Мы утешаемся тем, что побеждены «силою штыков» и что реакция наша — случайная, внешняя, политическая. Но так ли это в действительности? Не в том ли главный ужас наш, что переживаемое нами внешнее отступление есть внутреннее отступничество, что наша явная политика есть тайная метафизика?
У других народов совершается реакция по естественному закону механики: угол падения равен углу отражения; как аукнется, так и откликнется; у нас — по какому-то закону сверхъестественному: угол отражения равен х; аукнется так, а откликнется черт знает как.
У других народов реакция — движение назад; у нас — вперед, подобно течению реки, стремящейся к водопаду, к еще невидимой, но уже притягивающей, засасывающей пропасти.
У других народов реакция — от революции; у нас революция или то, что кажется ею, от реакции: чересчур сдавят горло мертвой петлей — и мы начинаем биться в судорогах; тогда петлю стягивают крепче — и мы цепенеем вновь.
У других народов реакция есть явление вторичное, производное; у нас первичное, производящее: не убыль, а прибыль, не минус, а плюс — хотя, конечно, ужасный и отвратительный плюс.
Кажется иногда, что эта первичная реакция есть prima materia, первозданное вещество России; что сердце наших сердец, мозг наших костей — этот разлагающий радий; что Россия значит реакция, реакция значит Россия.
Если у других народов некоторая степень революционного жара — нормальная температура крови 37 градусов, то у нас, как у рыб и земноводных, температура ниже нормальной: Россия в революции — такая же биологическая нелепость, как лягушка или рыба в горячечном жару, с температурой в 40 градусов.
Кажется иногда, что в России нет вовсе революции, а есть только бунт — январский, декабрьский, чугуевский, холерный, пугачевский, разинский — вечный бунт вечных рабов.

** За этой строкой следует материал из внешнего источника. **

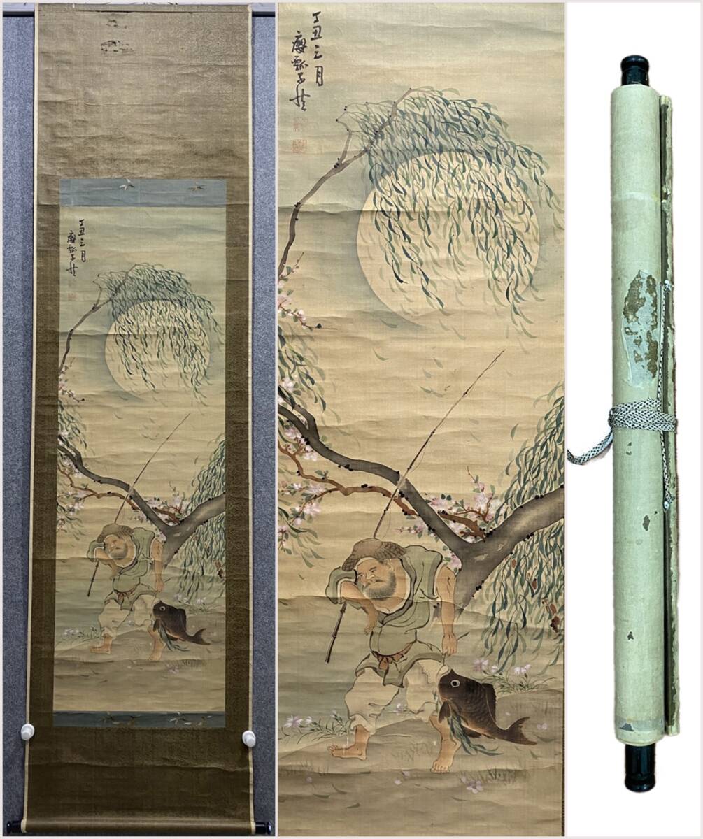 - 古美術 掛け軸 中国・清時代 「黄慎書」 絹本 【漁夫図】 立軸 書道 巻き物 肉筆保証 唐物 古画 画心128X43cm LT-2412227

Четырнадцатого декабря на Исаакиевской площади, целый день, с утра до вечера, толпа стояла и кричала: ура! Иностранцы удивлялись этому «стоячему бунту». Сами заговорщики не знали, что делать. Диктатор, князь Сергей Трубецкой, спрятался в какое-то правительственное учреждение, чуть ли не в канцелярию военного штаба, и дрожал, и плакал от страха, как женщина. Долговязый, нелепый, похожий на большого, вялого комара, русский немец Кюхельбекер, смешной и добрый Кюхля, с незаряженным пистолетом, расхаживал по площади. Не ему одному, а всем было «кюхельбекерно и тошно» и всем, кажется, стало легче, когда государь велел стрелять в толпу картечью: поняли, наконец, что надо делать.
— Умрем! Ах, как мы славно умрем! — говорил накануне молоденький заговорщик, похожий на шестнадцатилетнюю девочку.
Уже тогда, в этом «стоячем бунте», началась «всероссийская забастовка». Революция наша и есть, по преимуществу, забастовка, остановка, недвижность в самом движении, неделание в самом делании. Пока движемся куда-то, делаем что-то, бунтуем — мы в положении противоестественном, как бы на голове ходим, обезьянничаем, подражаем Европе; но только что начинаем пятиться, каяться, отдаваться реакции, — находим себя, становимся «истинно русскими людьми», не на голове ходим, а на резвых ножках бегаем. Мы — Ванька-встанька: как бы не завалила нас революция, реакция выпрямит.
Читая покаянные письма декабристов к Николаю I, не веришь глазам, — это ли вчерашние мятежники, цареубийцы? Революция сползает с них, как истлевшие лохмотья, открывая голое тело реакции.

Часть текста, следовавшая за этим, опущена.